Muitas religiões falam de um ponto entre
a vida e a morte no qual vagam, entre os vivos, fantasmas daqueles que por
algum motivo não conseguem deixar esse mundo. Mas “A Ghost Story” (2017) nos
apresenta um fantasma diferente: um jovem morto prematuramente coberto por um
lençol como um fantasma de Halloween. Um observador silencioso preso a uma casa
que vê moradores chegando e mudando-se. Um filme sobre a percepção do tempo e a
permanência. O que o prende naquela casa, silenciosamente observando os vivos?
Talvez, os mesmos motivos que fazem os vivos serem prisioneiros dessa vida, sem jamais alcançarem a gnose. E
como as questões nietzschianas como a morte de Deus e o eterno retorno permeiam
a angústia existente tanto nos vivos como nos mortos. Outro filme sugerido pelo nosso intrépido leitor Felipe Resende.
Há um ponto comum em muitas religiões
sobre a vida pós-morte: a existência de algum purgatório ou estado
intermediário entre a vida e a morte habitada por indivíduos que se recusam a
deixar a vida que eles não podem mais ter.

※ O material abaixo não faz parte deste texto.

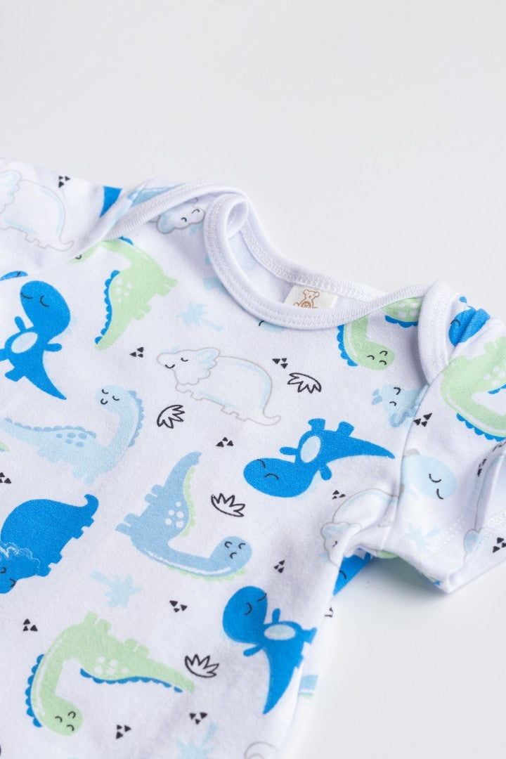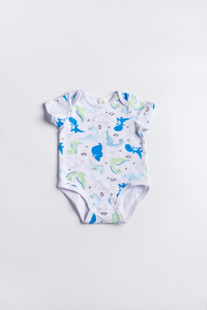 Romper with round neckline and short sleeve. Featuring all-over graphic prints. . Press-stud on the crotch.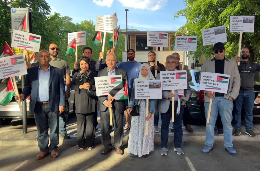 لندن: وقفة احتجاجية أمام "ميدل إيست آي" رفضاً للتقارير الكاذبة بحق الهيئة الخيرية الهاشمية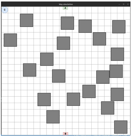 Stage 1. Laying the LiFi signal propagation route in conditions of interference. In the simplest version, the task can be formulated as follows: laying a route (LiFi communication line) from point A (source of information) to point B (consumer of information) in a production facility with obstacles in two-dimensional (2D) space is needed. Although the use of 2D space may limit flexibility in choosing optimal routes, especially in the face of changing environments or navigation accuracy requirements, 2D modelling is also desirable for the following reasons:
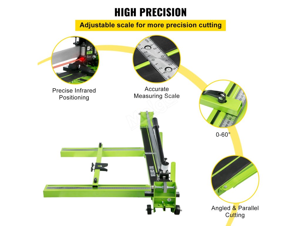Použité laserové polohování, modernizovaná tři hliníková pravítka a úhlové řezy pro přesné řezání. Řezání dlaždic bez námahy.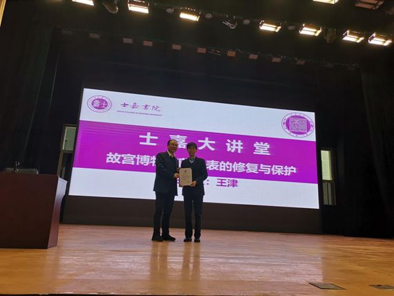 北航图书馆馆长、士嘉书院经理姚仰平教授首先致辞,他介绍了王津在故宫文物修复与保护工作所做的工作与成就,对以王津为代表的故宫文物修复师在工作中展现出来的工匠精神进行了高度赞扬,号召同学们在今后学习和科研中继承和发扬这种工匠精神。
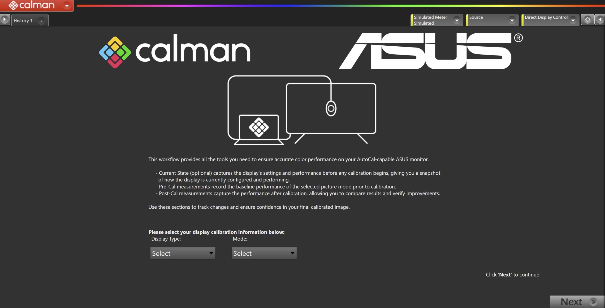 - On the introduction screen, select your display type (OLED or LCD) and mode (SDR or HDR) from the dropdown and click Next to proceed to Hardware Setup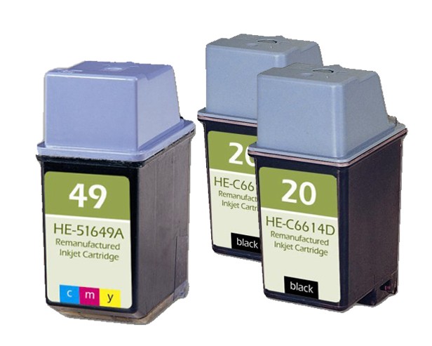Our Remanufactured HP ink cartridges - C6614A (No. 20) black ink cartridge (2 pieces) and 51649 (No. 49) color ink cartridge (1 piece) is designed to meet or exceed the specifications of the OEM (original equipment manufacturer) cartridge while offering consumers with cost savings of up to 80%. Our HP ink cartridges - C6614A (No. 20) black ink cartridge (2 pieces) and 51649 (No. 49) color ink cartridge (1 piece) is produced with new components by our carefully sourced third-party suppliers. Inkjet Star backs up our products with 100% satisfaction guarantee.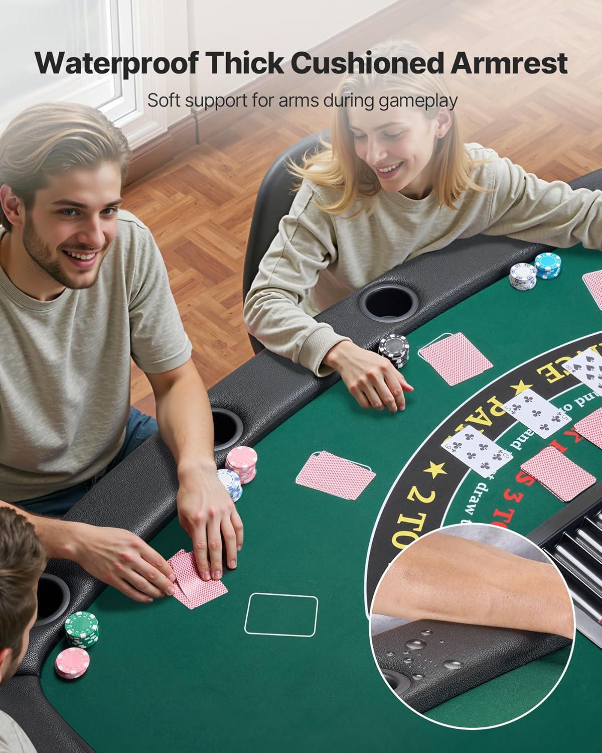 84 inch Large Poker Table: This perfect-sized poker table accommodates up to 10 players simultaneously, making it ideal for family gatherings, entertaining friends, bar games, and more. The comfortable and convenient gaming experience will make you feel like you're in a Las Vegas casino, allowing you to enjoy games like Texas Hold'em and other card games to your heart's content.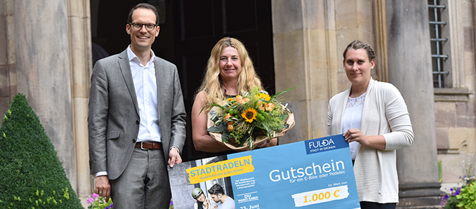 Einen besonderen Anreiz zur Teilnahme bildet in jedem Jahr ein Gutschein-Preis im Wert von 1000 Euro, der unter allen Teilnehmerinnen und Teilnehmern verlost wird – ganz unabhängig von der individuellen Kilometerleistung. In diesem Jahr traf das Glücklos Corinna Aschenbrücker aus Oberrode. Sie radelte für das Team der Sparkasse Fulda und war auch über einen Post im Intranet ihres Arbeitsgebers auf den Wettbewerb aufmerksam geworden. Sie ist schon in der Vergangenheit gelegentlich mit dem Rad an die Arbeit gefahren, hat aber ihren sportlichen Ehrgeiz jetzt zum „Stadtradeln“ noch einmal gesteigert. „Es ist ein Umsteigen aus Spaß“, sagt sie: „Manchmal ist es morgens noch recht frisch, aber ich komme immer gut gelaunt an der Arbeit an“, erzählt Aschenbrücker, „und ein paar Tage lang hatte ich am Radweg immer einen Feldhasen als Begleiter. Das war natürlich ein ganz besonderes Erlebnis, was man mit dem Auto wohl niemals haben wird.“ Sie steige nur noch dann auf vier Räder um, wenn die Regen-App stärkere Niederschläge für den Tag voraussagt, erzählte die Preisträgerin. Da sie sich gerade erst in Sachen E-Bike neu ausgerüstet habe, werde sie den Gutschein für ein Pedelec oder ein E-Bike übrigens an ihre Tochter Julia weitergeben, kündigte Aschenbrücker an.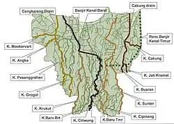 Die Hafenstadt Jakarta wurde auf einem sumpfigen Küstengebiet errichtet. Die Niederländer der Ostindien-Kompanie schütteten im 16. Jahrhundert in ihrem Kolonialstützpunkt Land auf und errichteten Kanäle. Außerdem wird die Stadt von 13 Flüsse entwässert. Aus dem einstigen Batavia wuchs eine Großstadt mit rund 10 Millionen Einwohnern, 30 Millionen sind es in der ganzen Metropolregion.[1]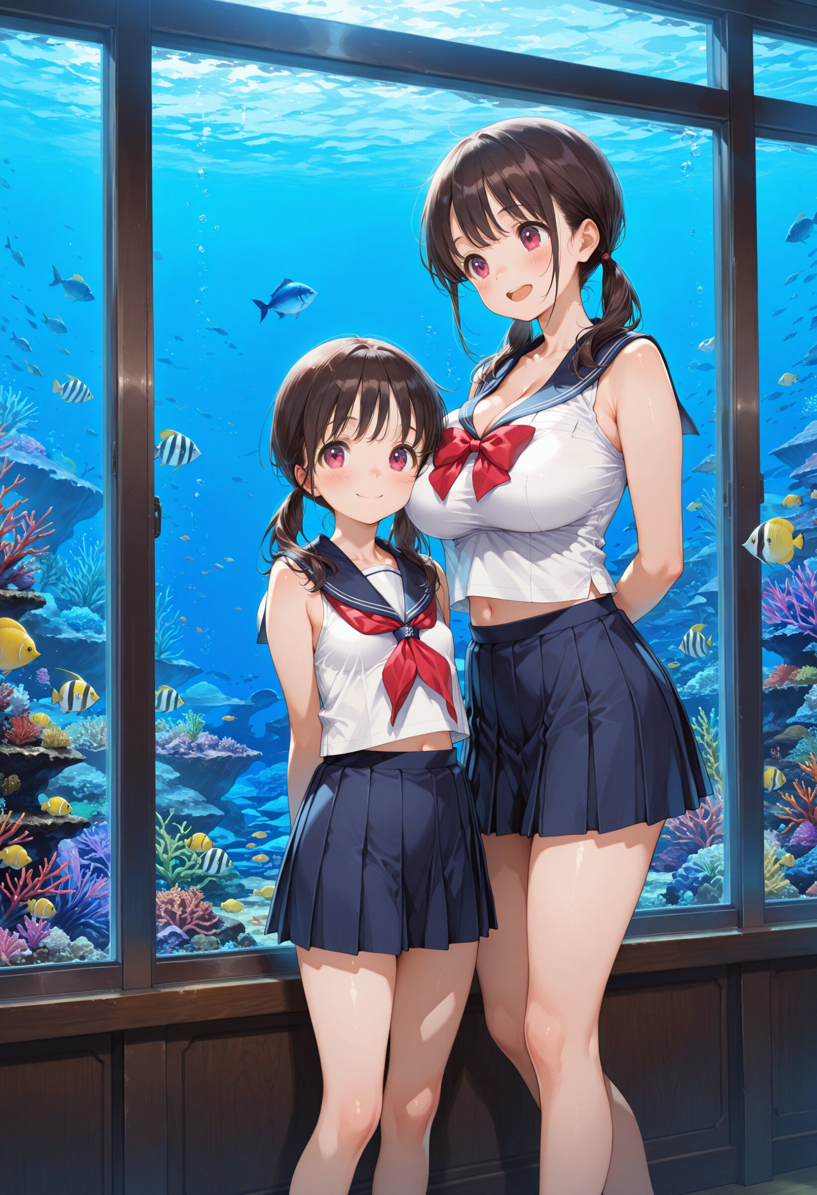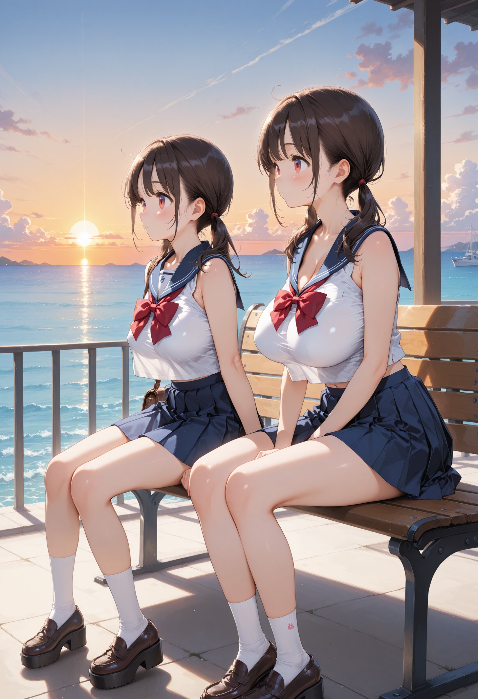 masterpiece, best quality, amazing quality, general, fine detail, official art, 2girls, loli, low twintails, school sailor uniform, sleeveless, miniskirt, midriff peek, cleavage between sailor collar, beautiful legs, big breasts, impossible clothes, perky breasts, ocean view, platform, sitting on bench, sunset, from side, look at ocean,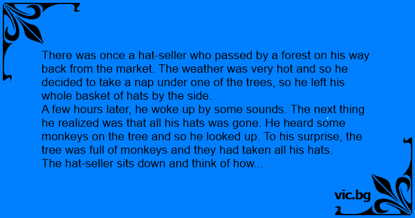 There was once a hat-seller who passed by a forest on his way back from the market. The weather was very hot and so he decided to take a nap under one of the trees, so he left his whole basket of hats by the side.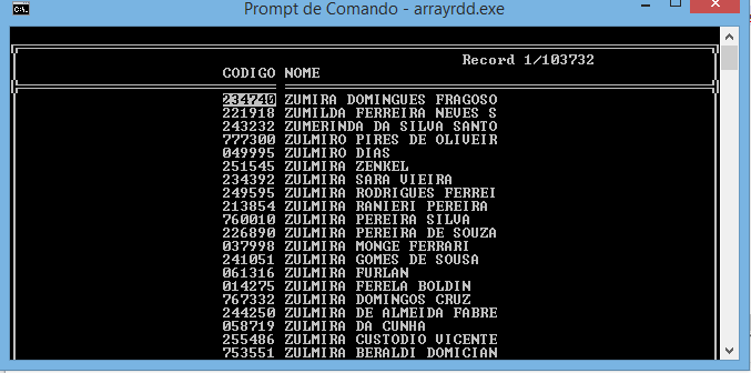 porem ele não mostra o nome completo das pessoas a partir dos valores zerados, eu tenho somente um carácter para o campo nome.

Seja no candomblé (indivíduos que não
cumpriram seu destino podem continuar vagando entre os vivos), no espiritismo
(espíritos apegados à vida material e afetos podem continuar na crosta
terrestre, às vezes sequer acreditando que morreram) e no judaísmo (almas dos
mortos ficam entre os vivos até um ano e precisam ser ajudadas pelos familiares
com preces auxiliando a alma a se elevar), há alguma espécie de, por assim
dizer, uma interzone com indivíduos
que simplesmente não conseguem de desprender dessa existência.
Pode ser o apego aos prazeres ou posses
materiais. Mas há um quê de ausência de resposta a uma simples questão que
ainda nos atormenta quanto mais tomamos consciência da finitude: quando dermos
o último suspiro e nossos olhos fecharem, o mundo e o tempo continuarão seu
fluxo indiferentes à nossa ausência? Seremos esquecidos? Ou essas perguntas são
supérfluas já que a existência não tem sentido e, junto com o planeta Terra, um
dia seremos tragados pelo Sol e todo o Universo retornará à singularidade
inicial?
Esse é o tema principal do filme indie A Ghost Story (2017). Um filme com um
truque de roteiro bem recorrente no cenário independente norte-americano atual:
narrativas que carregam iconografias clássicas de gênero, mas que nada mais são
do que pretextos para discussões existenciais e espirituais.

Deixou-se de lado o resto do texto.